Study on the Asymmetric Fluid Flow in the Continuous Casting Mold

Abstract

It is very important to understand flow patterns within the continuous casting mold because they have a significant impact on product quality. Water model experiment and numerical simulation conducted to identify the fluid flow pattern in the steel slab continuous casting mold. The fluid flow pattern in the mold is not steady but instead an oscillatory flow with a specific oscillation frequencies. We identified the physical origins of various specific oscillation frequencies, and confirmed through experimentation and simulation that each frequency is related to the cross flow and injection stream oscillation.
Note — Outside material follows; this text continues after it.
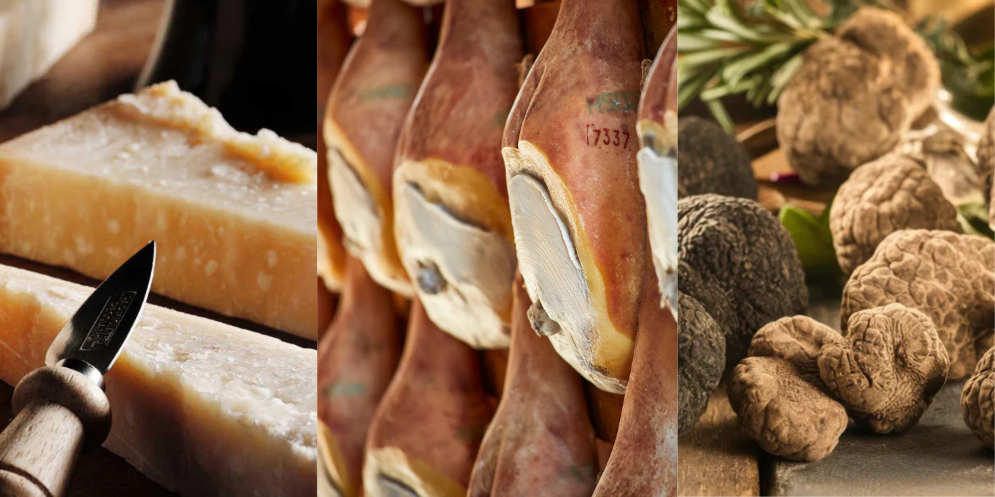 Parmigiano-Reggiano cheese, San Daniele ham and truffles.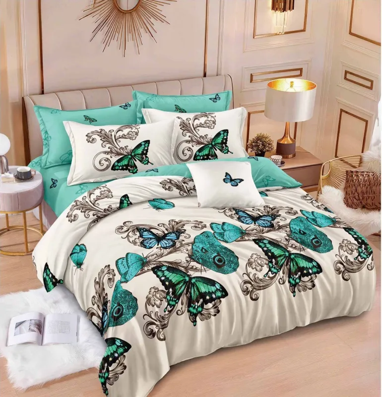 PUCIOASA Lenjerie de pat Finet Pucioasa 6 piese,Alb cu Fluturi turcoaz-R587

Moreover, the degree of oscillation at each frequency appears differently depending on the location within the mold, and is shown to have a effect near the mold wall. Water model experiment was conducted to observe the surface fluctuation corresponding to different port angles of the submerged entry nozzle in the steel slab continuous casting mold. When the port angle has low values, the amplitude of the surface fluctuation is relatively larger than for higher angles. We demonstrate that these phenomena are related to the fluid flow patterns in the mold by numerical simulation. Fluid flow patterns are asymmetric and unsteady for low port angles, with repetition of vortex nucleation and annihilation. However, fluid flow patterns become symmetric with increased SEN port angles. These results not only provide a better understanding of complex oscillatory flow patterns, but also provide a method to obtain a stabilized surface within the mold.